The ngk are good plugs. The reddish oil is either steering or your gearbox if that oil is red. Where is the puddle coming from?

Ah, and a very nice dealer sticker. More 50-60‘s than 70‘s

The carbs have a naming scheme. HD is H type (horizontal?) with diaphragm, HS is separate float and HIF is integral float. If the float chamber is there but not rigidly bolted to the carburetor it would be a HS as far as I know. The number is for the size in so many fractions of an inch, 8 is 2 inches and so on.

Cylinder 6 is at the FRONT of the engine, confusing but that’s what they decided for the xk.

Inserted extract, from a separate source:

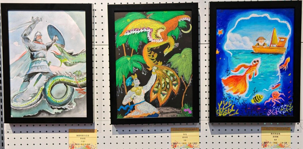 На выставке представлены 25 работ российских ребят на тему «Мифы Китая» и еще 25 работ китайских детей на тему «Русские сказки». Рисунки китайских детей с Ильей Муромцем и Змеем Горынычем, жар-птицей, царевной и серым волком, рыбаком и рыбкой, Морозко и другими персонажами из русских сказок органично сочетались с рисунками российских подростков на тему китайских мифов. Некоторые китайские рисунки напоминали иллюстрации из сборников «Русские народные сказки», другие, особенно новогодние, словно сошли с праздничных почтовых открыток.

Thanks :slight_smile: I will tighten down the bolt.

The slightly red puddle is a little bit to the left of the middle and a bit back. Not so far back as to suggest gearbox fluid. So, perhaps a leak in the servo system…

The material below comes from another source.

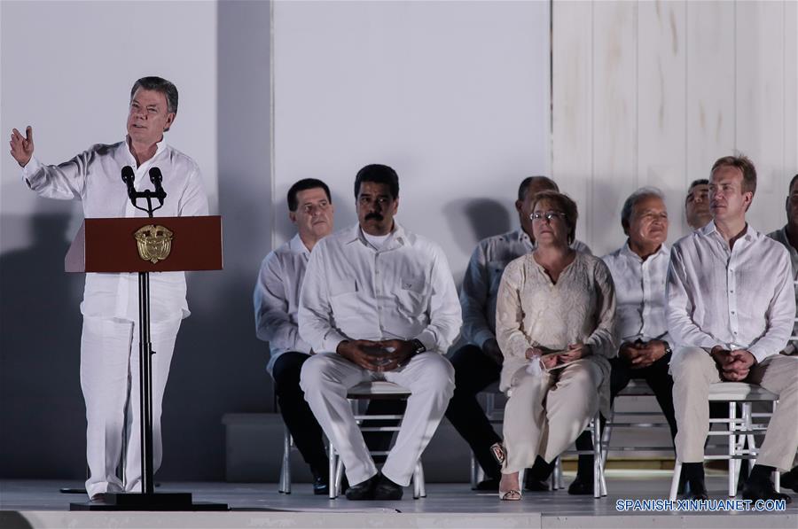 Los presidentes de Bolivia, Evo Morales; de Cuba, Raúl Castro; de El Salvador, Salvador Sánchez; de Guatemala, Jimmy Morales; de Perú, Pedro Pablo Kuczynski; de Chile, Michelle Bachelet; de México, Enrique Pe?a Nieto; de Ecuador, Rafael Correa; de República Dominicana, Danilo Santos; de Paraguay, Horacio Cartes, y Venezuela, Nicolás Maduro, que han llegado para ser testigos de este momento histórico.

I will get a larger white tarp or plastic sheet and when I park on it, mark out where the wheels are.

To the left and back could be as simple as the hydraulic hoses to the rack. Good idea, this is what we do to localize drips :slightly_smiling_face:

Maybe you need to substitute the yellow plastic with a washer so it is tighter.

I figure it is a HS8 just looking in the parts catalouge from SNG barrat.

The float chambers are there, on the side… or how to say… On the left side of the left carb and right side of right carb… Perhaps separate, so, HS then…

Adam from the youtube channel “living with a classic” listed a book on SU carburettors, wasn’t too expensive. I guess I’ll need it :slight_smile:

The choke is replaced with a petrol valve, yes. There’s also another petrol filter in the engine bay.